As noted by @Danno, Avoth 5:10 encapsulates the concept very tersely:
אַרְבַּע מִדּוֹת בָּאָדָם. הָאוֹמֵר שֶׁלִּי שֶׁלִּי וְשֶׁלְּךָ שֶׁלָּךְ, זוֹ מִדָּה בֵינוֹנִית. וְיֵשׁ אוֹמְרִים, זוֹ מִדַּת סְדוֹם. שֶׁלִּי שֶׁלְּךָ וְשֶׁלְּךָ שֶׁלִּי, עַם הָאָרֶץ. שֶׁלִּי שֶׁלְּךָ וְשֶׁלְּךָ שֶׁלָּךְ, חָסִיד. שֶׁלִּי שֶׁלִּי וְשֶׁלְּךָ שֶׁלִּי, רָשָׁע:
There are four temperaments among men: the one who says "what is mine is mine, and what is yours is yours" -- that's an [average] temperament. And there are some who say that is the temperament of Sodom. [A second type is one who says] "what is mine is yours, and what is yours is mine" -- [that's an] am ha'arets (uneducated person). [A third type is one who says] "what is mine is yours, and what is yours is yours" -- [that's a] pious person. [A final type is one who says] "what is yours is mine, and what is mine is mine" -- [that's a] wicked person.
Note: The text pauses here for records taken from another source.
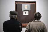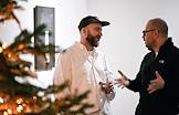 Вернисаж американского художника, дизайнера Генри Александра Леви Ask Us If He Was Our Son в галерее "Триумф". Журналист Павел Камин (слева) на вернисаже.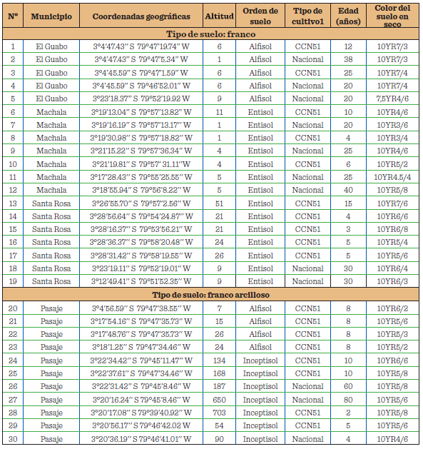 Se seleccionaron para el estudio 30 parcelas al azar (1 ha a 3 ha de superficie cada una), ubicadas: cinco en El Guabo, siete en Machala, siete en Santa Rosa y 11 en Pasaje (Figura 1; Tabla 1). La muestra estuvo conformada por 18 parcelas bajo el sistema monocultivo y cultivadas con CCN51, y por 12 parcelas cultivadas con Nacional, en asociación con árboles de plátano y cítricos. La edad de las plantas fluctuó para CCN51 de 2 a 25 años y para Nacional de 4 a 80 años.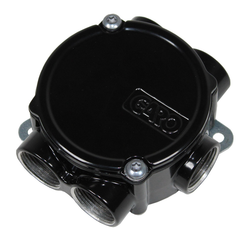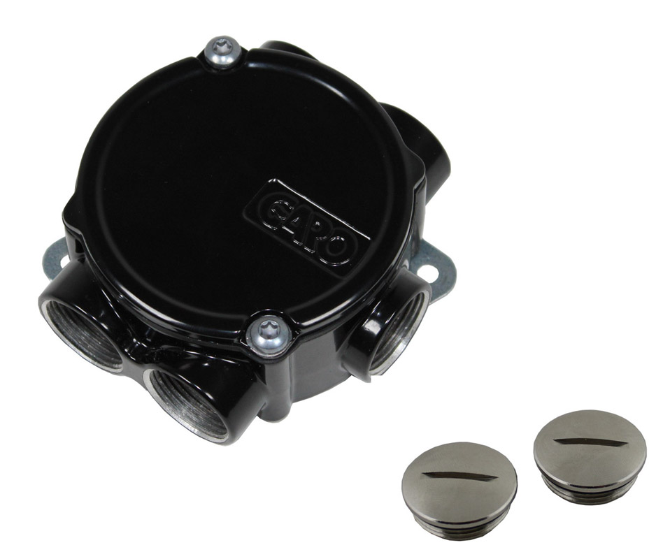 Locus 5 Svart är en kopplingsdosa i lättmetall med 5st M25 utgångar utan kopplingsplint. Dosan levereras inklusive 2st täckpluggar att täcka utgångar som inte används.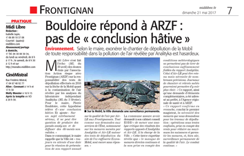 Midi Libre s’est fait l’écho (ML du 30 avril 2017) des doutes émis par l’association Action Risque Zéro Frontignan (ARZF) sur la responsabilité des tests de dépollution effectués en 2016 sur la friche de la Mobil quant à la contamination de l’air révélée par les analyses du laboratoire indépendant Analityka (ML du 3 février).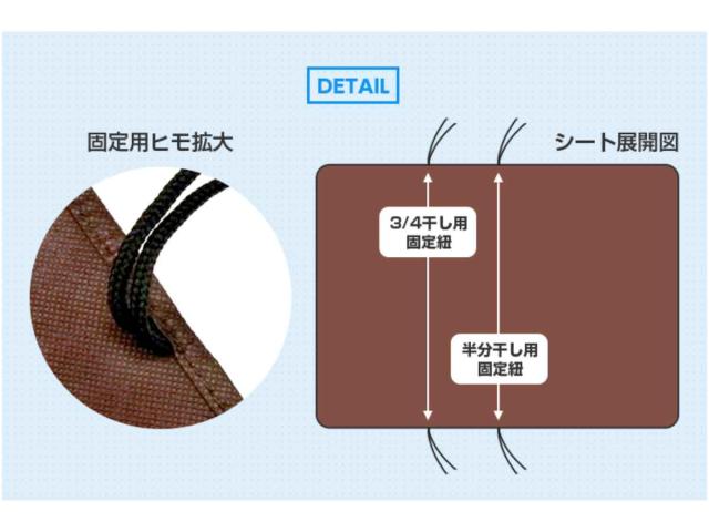 固定用のひもの留め位置で、布団に日があたる面積を変えられます。用途に応じて、半分干し、4分の3干し、使い分けることができます。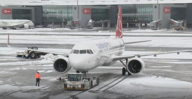 İstanbul Havalimanı’nda seferler, kar yağışına rağmen aksamadan devam ediyor.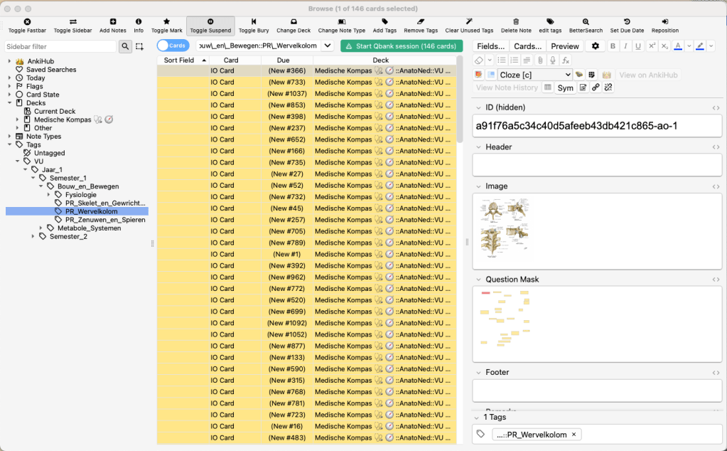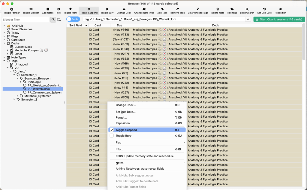 Alle kaarten/rijen zouden nu geel gekleurd moeten zijn, zoals hierboven (als ze niet geel zijn dan “toggle suspend” weer. Dit betekent dat ze niet beschikbaar zijn om te studeren totdat je een kaart weer activeert.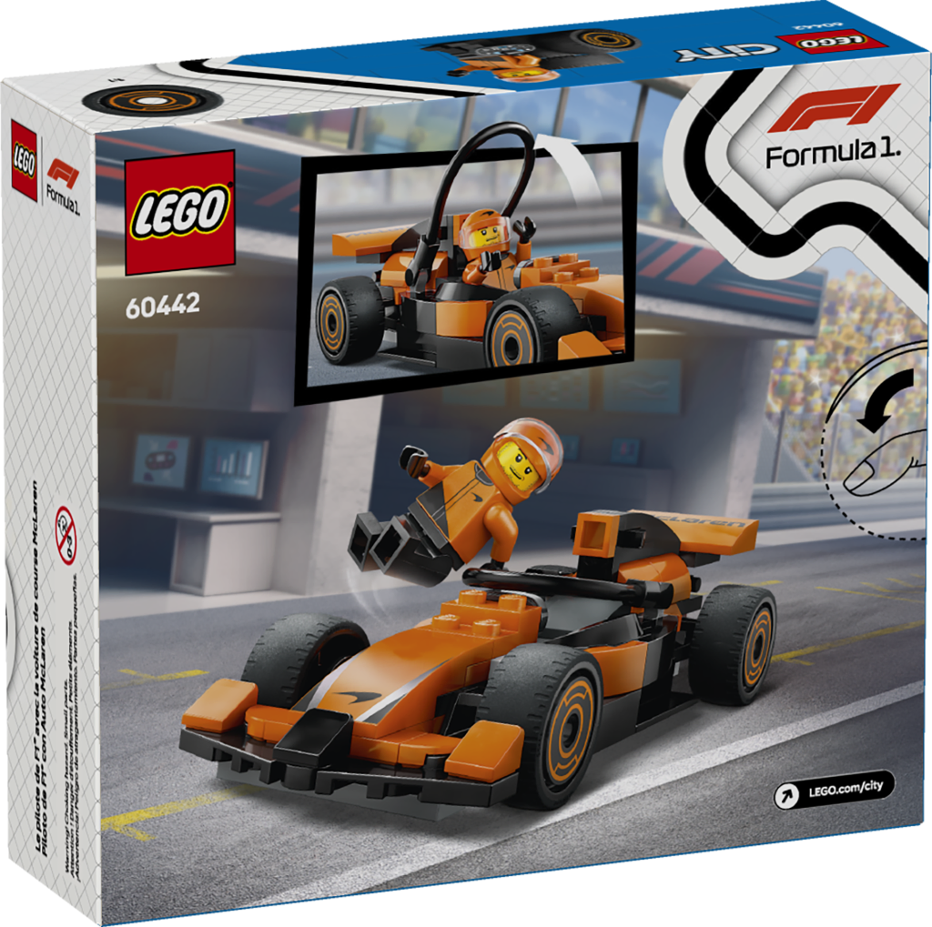 The first LEGO City Formula 1 set is the most simple of the six with it being a brick-built version of the McLaren Formula 1 car. This time it's in a much simplified six-stud wide form with the orange and black colour scheme and the McLaren logo on the front wing. The build of the car uses the new wheels seen in the LEGO Mario Kart sets and includes a single-driver Minifigure.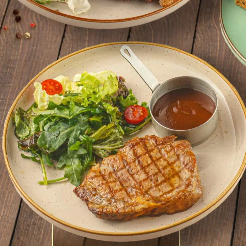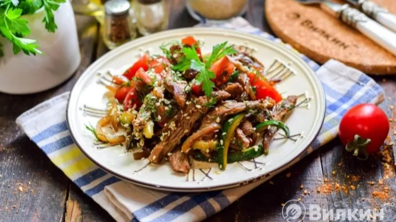 (Говядина, перец светофор, красный лук, цветная капуста, кукурузные початки, лоло россо, листья салата, кунжут, заправка кисло-сладкая)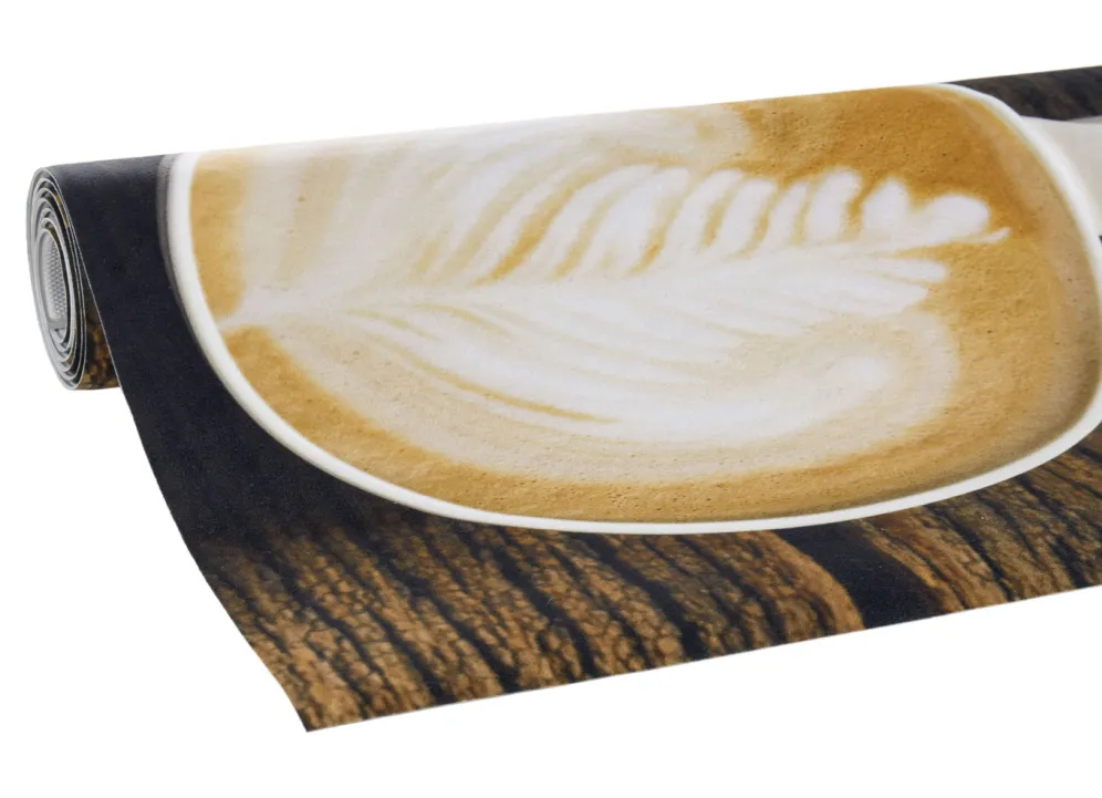 Küchenläufer Kaffeetassen, mit rutschhemmender Rückseite in Braun.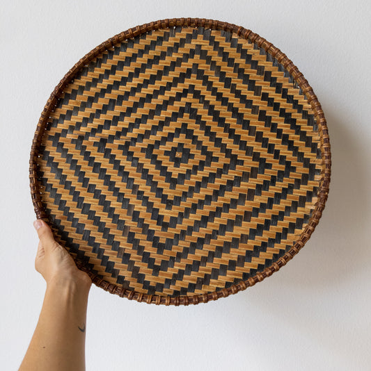 Vintage Flat Round Woven Cane Drying Basket with Black and Auburn Coloring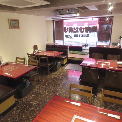 落ち着いた雰囲気の店内でくつろぎのひとときを。店内は木目調のインテリアで統一された、『木』のぬくもり溢れる落ち着いた雰囲気となっております。ゆったりお寛ぎいただけるテーブル席は、様々なシーンに合わせてご利用いただけます!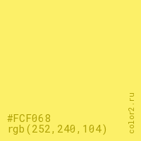 Цвет #FCF068 в цветовой модели RGB обозначается тремя октетами (252, 240, 104) в десятичном формате и #FCF068 в шестнадцатиричном (hex) формате, которые являются интенсивностью красного 252 (hex FC), интенсивность зелёного 240 (hex F0) и интенсивность синего 104 (hex 68).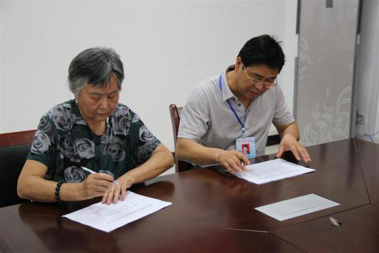 图书馆馆长韩富贵与谢照明家人在捐赠图书登记册上签字。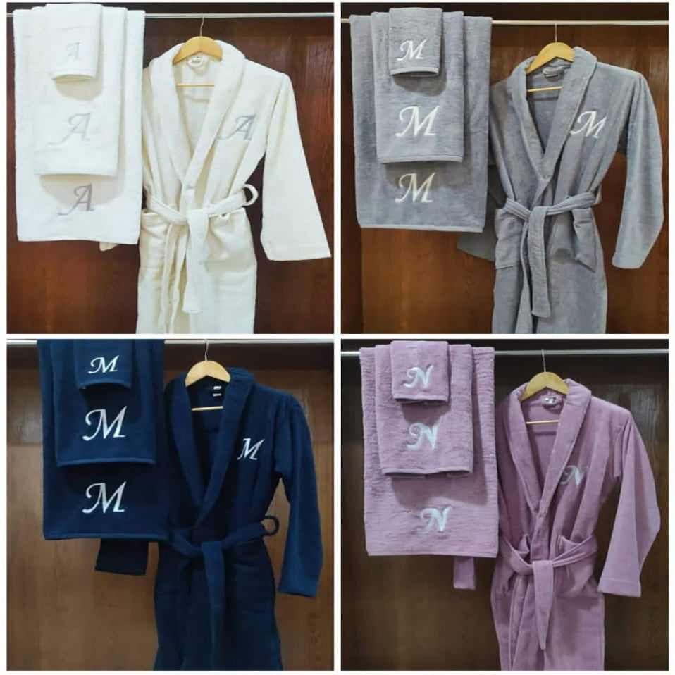 الوصف: برنس الحمام المطرز الفاخر مع 3فوط مطرزة بالأحرف الأولي من جاكاردينا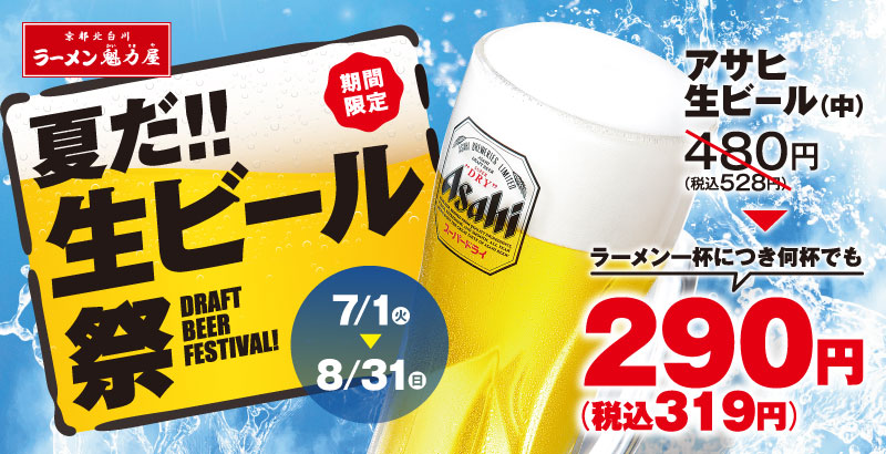 魁力屋では、2か月の期間中ずっと、ラーメン一杯ご注文につき、通常1杯528円(税込)の生ビールを何杯でも1杯319円(税込)でお楽しみいただけます。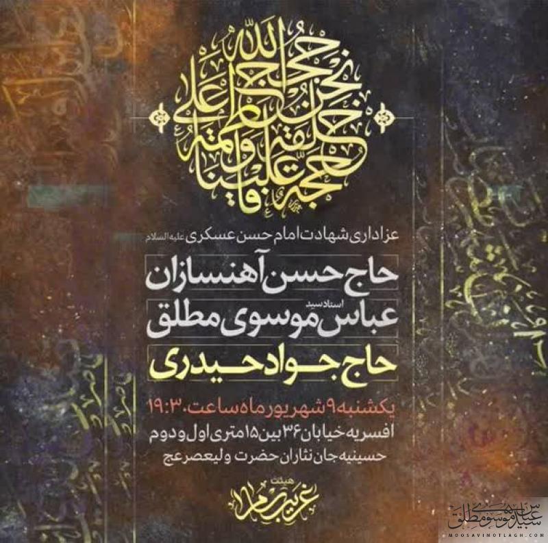برنامه سخنرانی استاد موسوی مطلق در شب شهادت حضرت امام حسن عسکری علیه السلام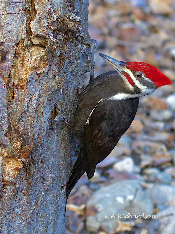 Pileated Woodpecker male (Drycopus pileatus) -07 Mission Creek, Kelowna, BC. near Gordon Bridge. Fealess Foz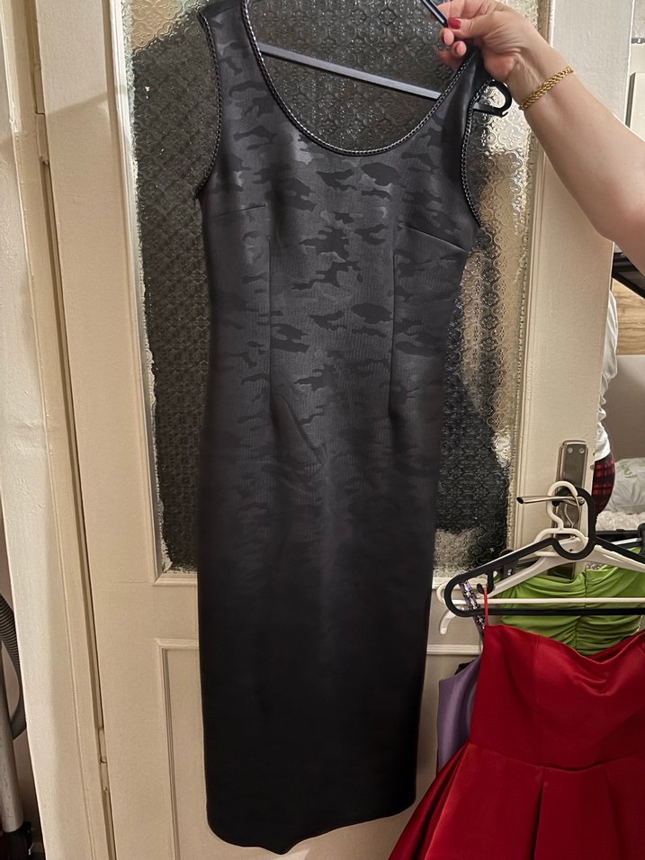 Kolsuz Siyah Yılan Desenli Uzun Elbise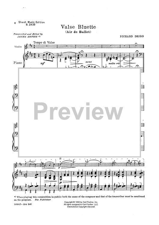 "Valse Bluette (Air de Ballet)" Sheet Music by Riccardo Drigo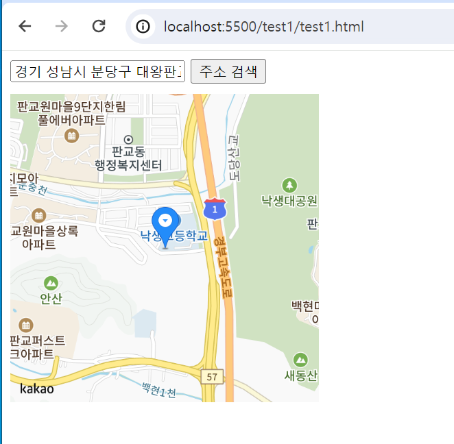 최종적으로 테스트 코드는 이렇게 되는데 API키만 적절한 곳에 잘 끼워넣었다면 바로 실행시켜볼 수 있다. 라이브서버로 실행시켜 보면 다음과 같이 출력된다.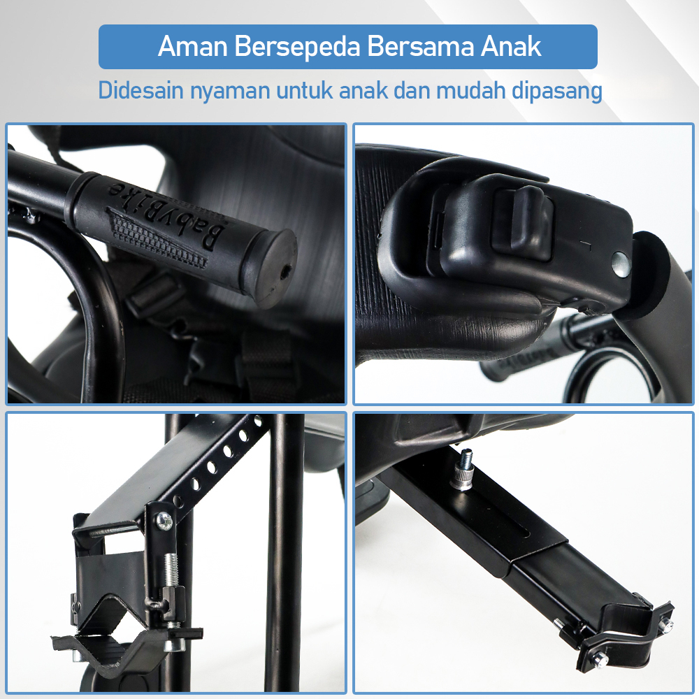 Fitur Bersepeda dengan Aman Bersama Anak Jika ingin bersepeda bersama dengan anak sangat penting untuk memastikan keamanannya, menggunakan boncengan sepeda untuk anak merupakan pilihan yang tepat. Dilengkapi dengan penjaga membuat anak akan tetap aman di kursinya walaupun Anda bersepeda melewati jalan yang terjal sekalipun.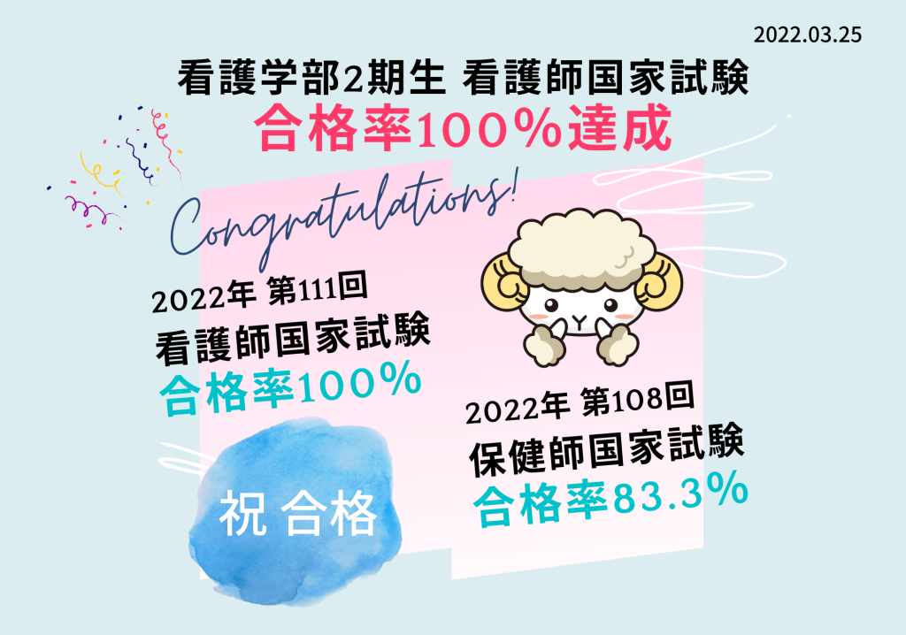 看護師国家試験合格率 100%達成 看護学部 2022年3月25日2022年11月24日 2022年3月卒業の看護学部2期生は、34人全員が看護師国家試験に合格、保健師課程を履修した18人中15人が保健師国家試験に合格しました。 国家試験対策・合格実績 就職支援・実績 投稿ナビゲーション PREVNEXT お知らせ一覧

The first part ("what is mine is mine, and what is yours is yours") seems to be a debate about the merits of libertarianism, while the second ("what is mine is yours, and what is yours is mine") encapsulates socialist values, which the Tanna describes as a simplistic worldview.
Nonetheless, it is very clear from the overall tone of the mishna, as well as more broadly from Tanach and Chazal, that "social justice" or caring for the poor, is a major and unanimously accepted theme of Judaism, and halacha demands charity and collects it by force as necessary.